KR101190795B1 - Method and apparatus of detecting real size of ordan or lesion in medical image - Google Patents

Abstract

PURPOSE: A method and apparatus for detecting a real size of organs and lesions in a medical image are provided to detect the actual size of the organs and lesions by capturing a gamma ray using a pin hole gamma camera. CONSTITUTION: A real size of organs and lesions is detected using a user interface(200). Depth information about the organs and lesions is provided from outside(202). The distance between a pin hole and skin is measured. If the depth information is not provided from the outside, body information is inputted for estimating the depth information about the organs and lesions(206). The depth information about the organs and lesions is directly inputted if the body information is not inputted(210). [Reference numerals] (200) Detecting a real size of organs or lesions?; (202) Providing depth information about the organs or lesions from the outside?; (204) Receiving the depth information about the organs and lesions from an external device; (206) Inputting physical information for estimating the depth information about the organs or lesions?; (208) Reading out the predetermined depth information about the organs and lesions corresponded to the physical information; (210) Receiving the depth information about the organs or lesions?; (212) Imaging according to gamma ray sensing; (214) Detecting the distance from a pin hole from skin; (216) Calculating information for the real size of the organs or lesions based on the size information of the organs and lesions included in the depth information and the imaging information; (AA) Start; (BB,EE,GG,HH) No; (CC,DD,FF,II) Yes; (JJ) End

Description

Method and apparatus for detecting real size of organs or lesions in medical images

The present invention relates to a medical imaging technology, and more particularly, to a method and apparatus for detecting an actual size of an organ or a lesion in a medical image obtained by magnifying an image of an organ or a lesion using a pinhole gamma camera imaging technique. .

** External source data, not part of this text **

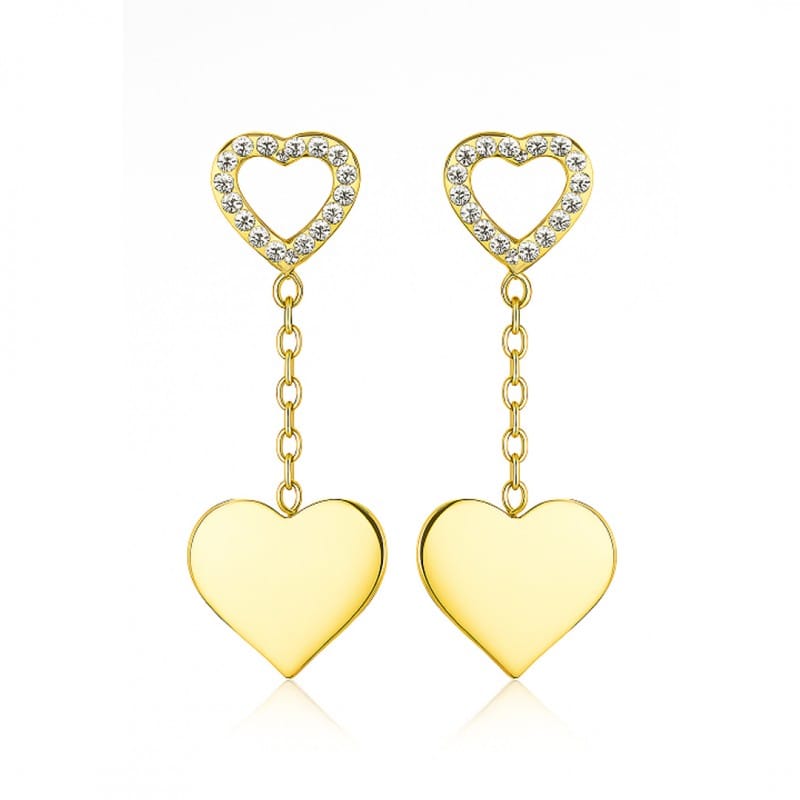 Kolczyki ze stali szlachetnej pozłacane 14k złotem, wiszące Serca KST3460
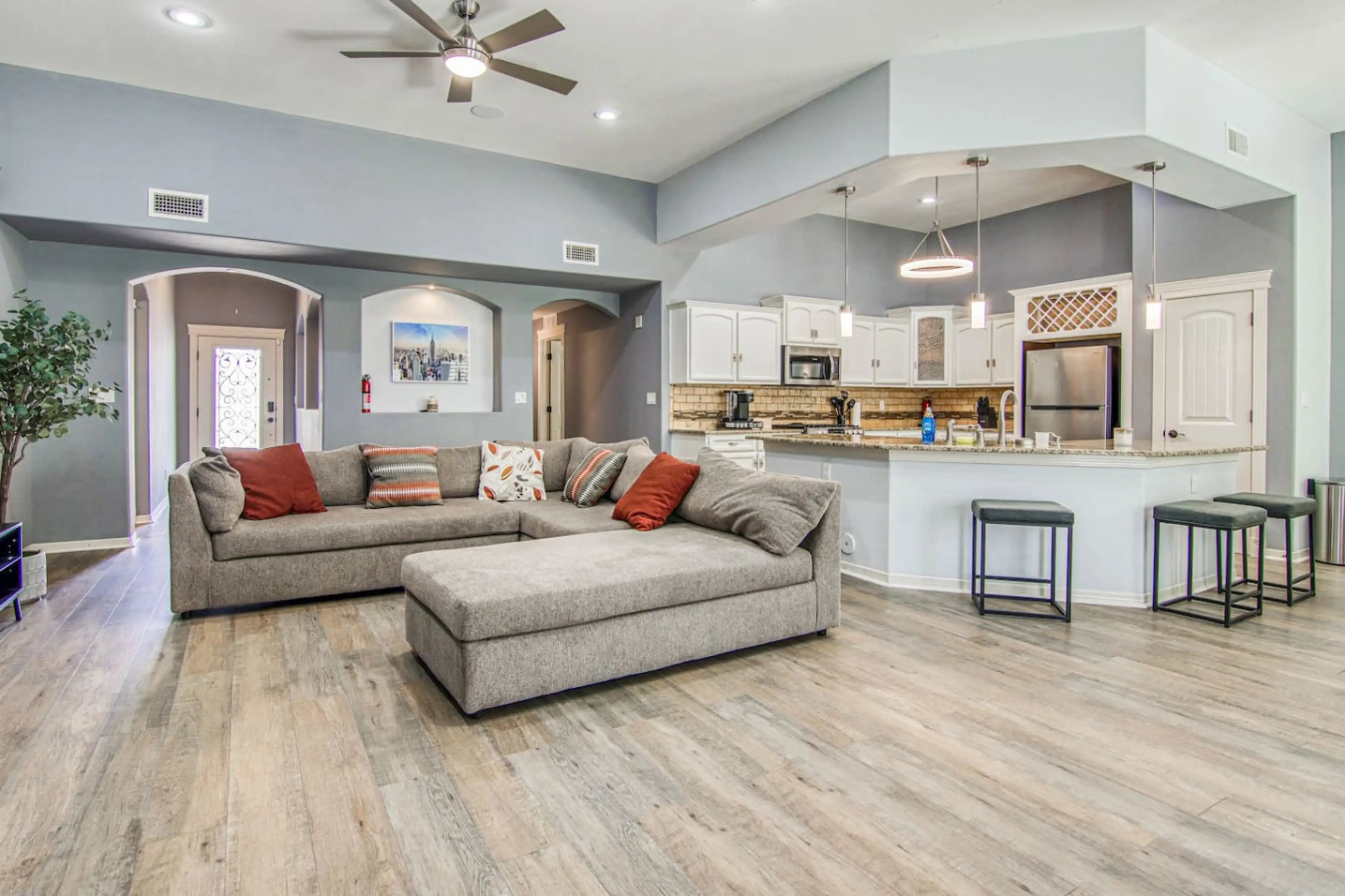 Bring the whole family to this beautiful and spacious spanish style home. The home is fully equiped with Hi Speed wifi, 3 bedrooms, and a master bedroom with a jetted tub for you to enjoy and relax. This place is your home away from home, Perfect for families visiting, business travels, first respon...
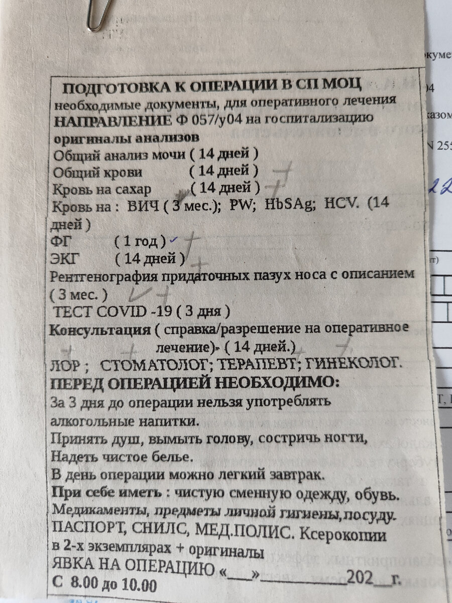 Собирала и делала столько анализов, как будто, у меня хирургическое вмешательство во все тело будет. Сами посмотрите, сколько всего указано на бумажке, и я все это собрала. Не без приключений, конечно. За все это время я много раз ловила дикий стресс в поликлинике в очередях в борьбе за право зайти по талону. Может почитать эту эпопею ниже по ссылкам: Все началось с заблаговременных анализов на ВИЧ, которые делаются аж в Симферополе, а не у нас в поселке. Сдала во время. По пути сделала рентгенографию пазух носа и взяла справку о флюорографии, которую я делала в этом году. Дальше мне медсестра сказала ждать и за две недели явиться опять к офтальмологу, чтобы получить направления на остальные анализы, которые действуют две недели. Как только время подошло, я побежала сдавать кровь, мочу, ЭКГ, прошла ЛОРа, стоматолога, гинеколога. На болезнь, которую нельзя называть тут, я сдавала за три дня и день раньше забрала все анализы готовые у офтальмолога, и записалась к терапевту, заблаговр

Precise diagnosis of the organs or lesions of the human body plays a decisive role in obtaining the best treatment result by selecting an effective treatment method. For example, in the case of a fracture or bruise, technological 99m phosphate is collected by intravenous injection into the lesion site, and then a gamma ray emitted from the pinhole (pin hole) gamma camera is used to diagnose the medical imaging technology.

Like the calcium 99m phosphate is selectively collected in the calcified tissue, such as bone in the human body, its half-life is shortened to 6 hours quickly extinguished, energy is low 140KeV, so it is widely used worldwide.

As a medical imaging technique using the pinhole gamma camera, there is a patent application No. 10-2011-0028300 filed to the Korean Intellectual Property Office for the gamma correction method of the needle hole bone scan for accurate diagnosis of latent traumatic bone lesion.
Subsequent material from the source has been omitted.